◆ Provided records:
####################

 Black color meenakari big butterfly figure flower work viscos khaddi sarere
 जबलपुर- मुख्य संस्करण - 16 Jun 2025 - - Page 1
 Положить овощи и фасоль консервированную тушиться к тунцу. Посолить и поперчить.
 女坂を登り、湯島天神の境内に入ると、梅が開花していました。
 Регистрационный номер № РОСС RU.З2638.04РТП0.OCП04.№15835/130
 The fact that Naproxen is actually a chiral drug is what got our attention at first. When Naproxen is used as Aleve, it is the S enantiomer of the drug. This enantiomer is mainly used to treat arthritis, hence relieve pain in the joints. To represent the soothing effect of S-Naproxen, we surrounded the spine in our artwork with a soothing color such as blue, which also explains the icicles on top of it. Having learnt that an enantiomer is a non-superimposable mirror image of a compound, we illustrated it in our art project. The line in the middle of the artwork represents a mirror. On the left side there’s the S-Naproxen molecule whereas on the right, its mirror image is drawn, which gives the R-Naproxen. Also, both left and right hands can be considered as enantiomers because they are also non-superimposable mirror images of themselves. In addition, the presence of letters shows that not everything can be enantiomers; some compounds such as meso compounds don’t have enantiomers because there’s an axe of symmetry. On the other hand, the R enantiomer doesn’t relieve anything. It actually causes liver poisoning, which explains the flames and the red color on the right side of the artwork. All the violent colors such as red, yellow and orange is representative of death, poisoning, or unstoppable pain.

####################

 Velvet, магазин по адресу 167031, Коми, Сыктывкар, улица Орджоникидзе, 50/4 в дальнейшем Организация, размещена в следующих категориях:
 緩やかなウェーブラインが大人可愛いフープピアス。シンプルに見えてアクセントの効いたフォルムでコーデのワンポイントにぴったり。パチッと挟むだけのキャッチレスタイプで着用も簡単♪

####################

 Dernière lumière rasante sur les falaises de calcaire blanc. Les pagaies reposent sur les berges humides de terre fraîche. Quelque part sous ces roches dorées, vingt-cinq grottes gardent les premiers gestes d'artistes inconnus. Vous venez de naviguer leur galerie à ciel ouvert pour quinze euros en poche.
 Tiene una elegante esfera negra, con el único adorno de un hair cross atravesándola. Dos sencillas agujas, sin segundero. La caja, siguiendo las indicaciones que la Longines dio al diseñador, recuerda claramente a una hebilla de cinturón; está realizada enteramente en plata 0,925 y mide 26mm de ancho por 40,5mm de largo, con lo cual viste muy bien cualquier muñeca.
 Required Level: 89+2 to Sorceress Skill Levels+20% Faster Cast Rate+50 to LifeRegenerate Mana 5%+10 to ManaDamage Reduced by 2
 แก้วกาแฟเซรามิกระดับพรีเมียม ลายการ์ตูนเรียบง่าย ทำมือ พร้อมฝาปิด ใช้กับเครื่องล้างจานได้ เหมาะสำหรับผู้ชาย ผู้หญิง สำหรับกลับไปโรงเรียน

####################

◆ Assigned task: Extract from the listing above the lines between the line containing "Black color meenakari" and the line containing "Регистрационный номер №", keeping both of those lines. Output nothing else.

◆ Finished exercise:
 Black color meenakari big butterfly figure flower work viscos khaddi sarere
 जबलपुर- मुख्य संस्करण - 16 Jun 2025 - - Page 1
 Положить овощи и фасоль консервированную тушиться к тунцу. Посолить и поперчить.
 女坂を登り、湯島天神の境内に入ると、梅が開花していました。
 Регистрационный номер № РОСС RU.З2638.04РТП0.OCП04.№15835/130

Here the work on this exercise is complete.